* TASK OBJECTIVE
No pictures go into the copy. Write out exactly the lines below from the one containing "Высота ската горки 0,9м" through the one containing "Le tonalità cipria, i".

(Source records)
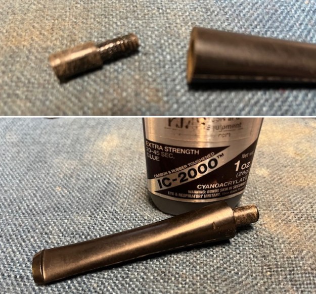 The taper stem had a small bite through on the underside ahead of the button. I greased a pipe cleaner and inserted it in the airway below the small hole. I filled in the tooth marks in the top of the stem as well. I removed the pipe cleaner to continue working on the stem.
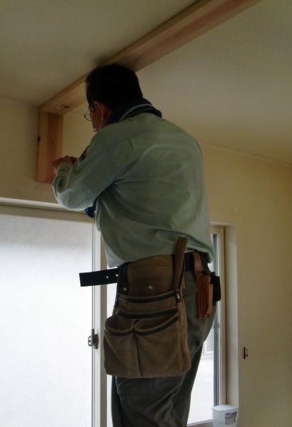 間仕切り壁を造作中。大工さん、手際よく進行中です。
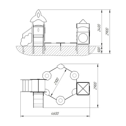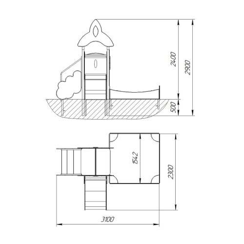 Высота ската горки 0,9м
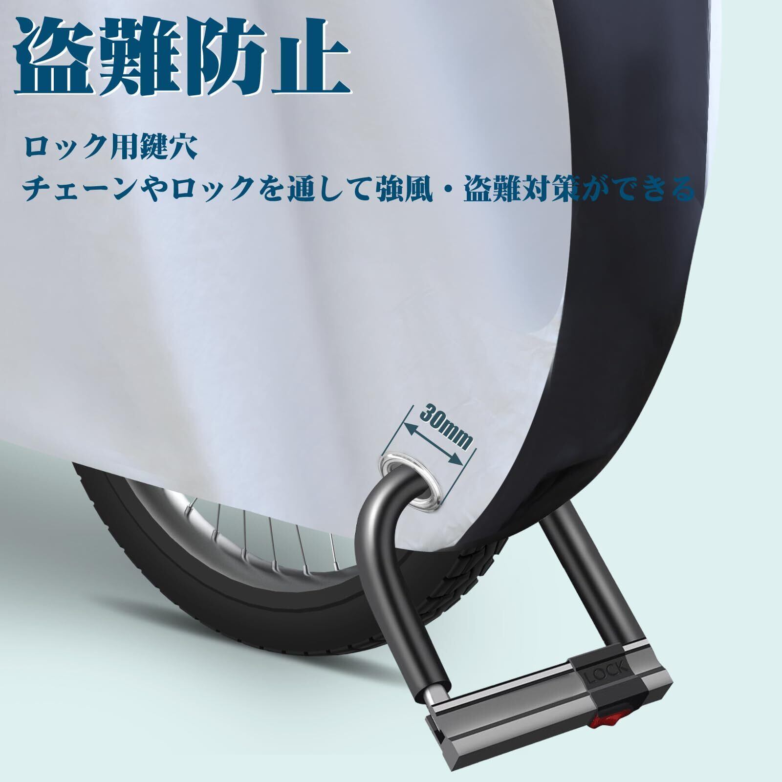 【盗難防止】大口径ロック用ホールを採用して、ほとんどのロックが適用されて盗難対策ができます。【持ち運びも便利】収納袋付き、コンパクトに収納できます。【一年間安心】万が一商品には何か不備がございましたらお気軽にご連絡くださいますようお願い申し上げます。あり・破れにくい】高密度のポリエステル生地を使用し、ビニール製の自転車カバーより5倍以上の強度があり、丈夫で破れにくく、耐久性あり、自転車カバーにちょうどいい厚さ、バイクカバーのように厚すぎず、着脱がしやすいサイクルカバーです。
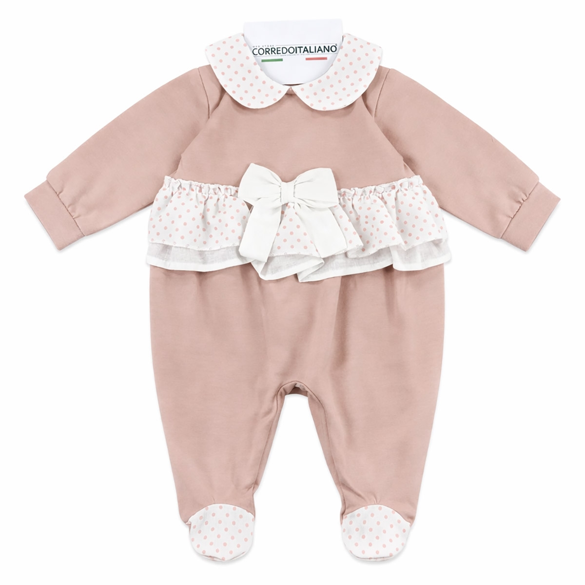 Le tonalità cipria, i dettagli a pois e il fiocco centrale creano un insieme armonioso che valorizza ogni momento, dal riposino alle prime uscite.
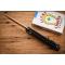 Le Rough Ryder Slide Lock est doté d'une lame de 6,985 cm de style Wharncliffe modifié avec un tranchant lisse, fabriquée en acier outil D2. L'acier D2 est très apprécié pour sa performance de coupe durable et sa bonne résistance à l'usure, avec une dureté typique de 59-62 HRC. La finition satinée bicolore de la lame lui confère un aspect distinctif et une résistance accrue à la corrosion. L'émouture plate assure une géométrie de coupe efficace. Le manche de 10,16 cm (longueur fermée) est en G10 noir, offrant une prise en main solide et confortable.
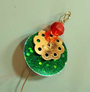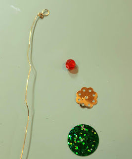 Then, I add the other green sequin, followed by the gold sequin and finally the red bead. I trim off any extra wire. leaving just enough to create the loop in the wire.
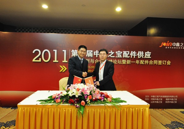 2011 第一届中鑫之宝配件供应渠道创新与合作高峰论坛在郑召开 发布日期:2011-12-31 点击次数:8130
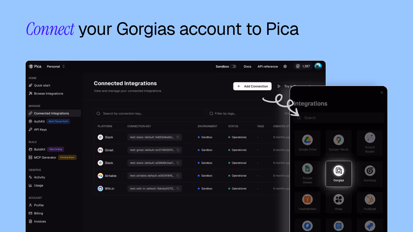 With Pica’s Unified API, Gorgias users can access and manage their data in Pica and use it across 150+ verified integrations for seamless connectivity.
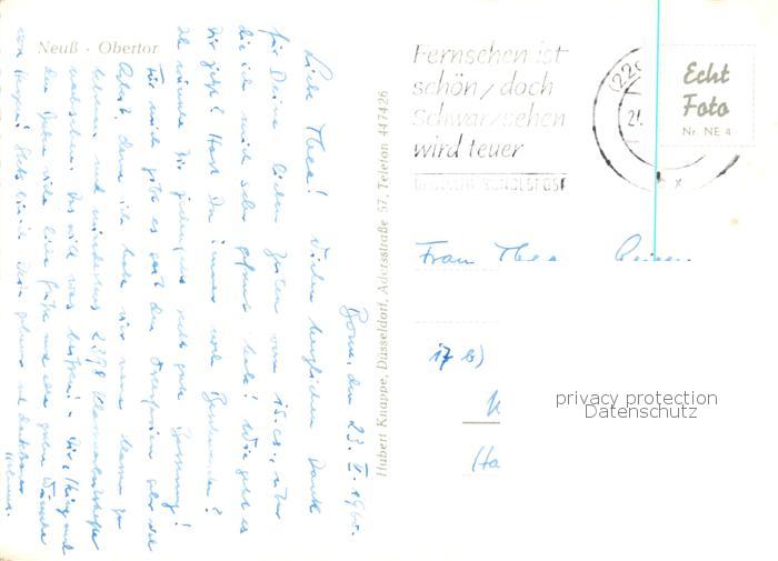 73867574 alte Postkarte Neuss Obertor postalisch gelaufen Erhaltung siehe scans [WerneD78] KatCode: 11110005162024
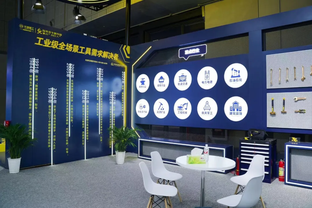 展館設(shè)計大氣開闊,布局合理,鮮活沉穩(wěn)的長城經(jīng)典配色相得益彰,獨具工業(yè)氣息。入口處專門設(shè)置的“長城精工40周年”展臺配合有趣的展臺活動,更是吸引了不少觀眾打卡留影。
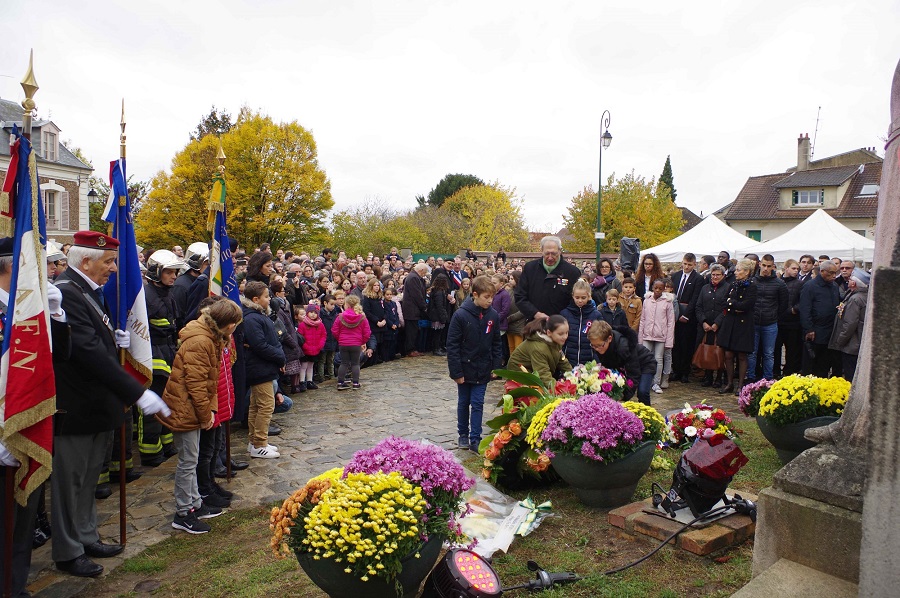 Dépôt de gerbe par le comité du Souvenir Français de Sucy-en-Brie (94) à la cérémonie du 11 novembre 2018.
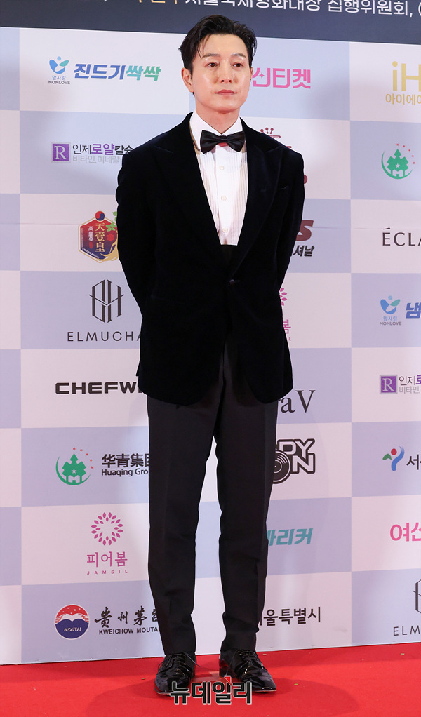 배우 정성일이 10일 오후 서울 용산구 드래곤시티에서 열린 '2025 서울국제영화대상' 레드카펫 행사에서 포즈를 취하고 있다.
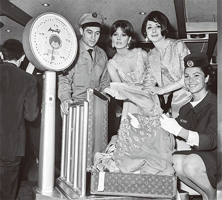 喬治.威登用父親姓名中的簡寫L及V配合搭成花朵圖案,設計出蜚聲國際的交織字母。圖為1965年5月,時尚模特兒在奧利機場展示路易威登行李箱。(AFP)
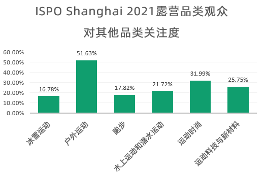 從政策開放到市場的快速響應,露營產業(yè)迎來了黃金發(fā)展期,作為綜合性較高的戶外活動,露營展露出強大的跨界能力。ISPO Shanghai 2021露營品類觀眾中,超過七成買家展現出了對其他板塊內容的關注。
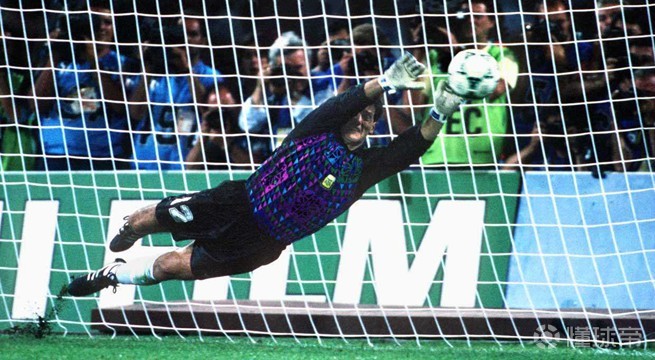 1990年的世界杯再次由意大利主办。本届杯赛吸引了近267亿次电视观众,门票收入达1.4亿美元,创下当时的最高纪录。赛事期间出现了一个又一个的精彩瞬间和经典元素,包括令人难忘的歌曲“意大利之夏”,让我们惊(mian)叹(hong)不(xin)已(tiao)的开幕式时装表演,还有德国与荷兰的“口水战”,米拉大叔的神奇表演,斯基拉奇的横空出世以及加斯克因的眼泪等等。但是回归到比赛内容的层面,以防守足球为主的思想,使本届杯赛的场均进球数达到当时的历史最低——只有2.21个。特别是进入到淘汰赛阶段,很多场次都是依靠点球决战分出胜负。所以,本文主要给大家回顾一下四位表现出色和极具特点的门将。
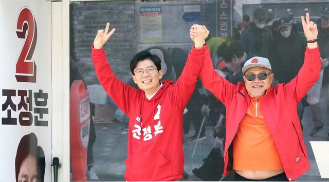 조정훈 마포구갑 국회의원 후보가 1일 오후 서울 마포구 공덕시장에서 유세 차량에 올라 지지를 호소하며 인사를 하고 있다. 오른쪽은 가수 김흥국. / 뉴스1

* PROBLEM SOLUTION
 Высота ската горки 0,9м
 【盗難防止】大口径ロック用ホールを採用して、ほとんどのロックが適用されて盗難対策ができます。【持ち運びも便利】収納袋付き、コンパクトに収納できます。【一年間安心】万が一商品には何か不備がございましたらお気軽にご連絡くださいますようお願い申し上げます。あり・破れにくい】高密度のポリエステル生地を使用し、ビニール製の自転車カバーより5倍以上の強度があり、丈夫で破れにくく、耐久性あり、自転車カバーにちょうどいい厚さ、バイクカバーのように厚すぎず、着脱がしやすいサイクルカバーです。
 Le tonalità cipria, i dettagli a pois e il fiocco centrale creano un insieme armonioso che valorizza ogni momento, dal riposino alle prime uscite.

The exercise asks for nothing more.